Bayesian topology generated from the analysis using ATP6, ATP8 and NADH5 protein-coding genes of four species of the Coronator Group plus two species of Cx. pipiens complex. Numbers placed at the branches indicate Bayesian posterior probabilities. Aedes albopictus and Anopheles darlingi were employed as outgroups. Mitochondrial genomes of Cx. quinquefasciatus, two specimens of Cx. pipens, Ae. albopictus and An. darlingi were downloaded from the GenBank


The complete mitochondrial genomes of Cx. usquatus, Cx. usquatissimus, Cx. coronator, and Cx. camposi share the same gene order and gene content of other Culicidae species with the mitochondrial genome reported to date. The overall length and the AT content of the four Culex species are within the range observed in species of the Anopheles albitarsis complex, Cx. quinquefasciatus, and Ae. aegypti. Except for trnR and trnS1, the tRNAs were folded into the typical cloverleaf-like structure. Similar to other metazoan and species of the family Culicidae, the control region presented some conservative poly T- stretches, which seems to be involved in the functional roles of mitochondrial genome. Results of the Bayesian phylogeny corroborated the monophyly of the Coronator Group.
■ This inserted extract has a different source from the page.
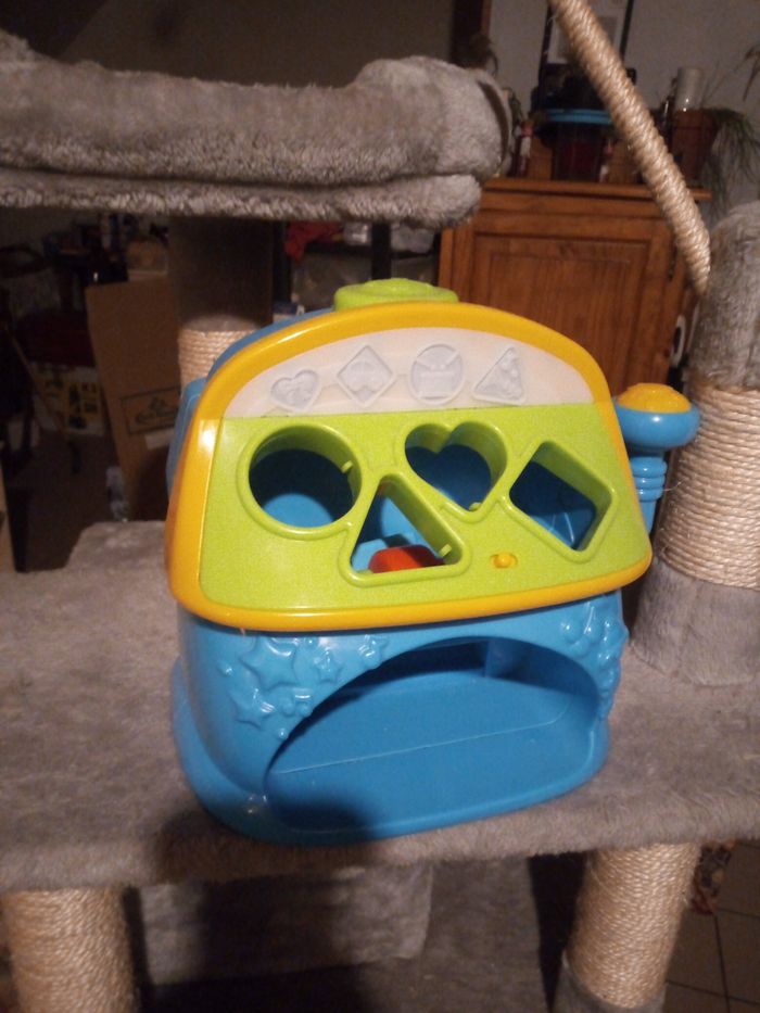 Jeux où bébé dois introduire les bonnes formes dans le bon emplacement. Très peu servi. Fonctionne avec des piles.

Nevertheless, new insights on the evolution of the group can be addressed using a larger species sampling, including morphologically similar species and species of other Culex subgenera, for example, Lutzia, Phenacomyia and Phytothelmatomyia species. Probably because of the functional roles played in the respiratory chain by the mitochondrial genome, PCGs showed high purifying selection and low nucleotide divergence among the species investigated here.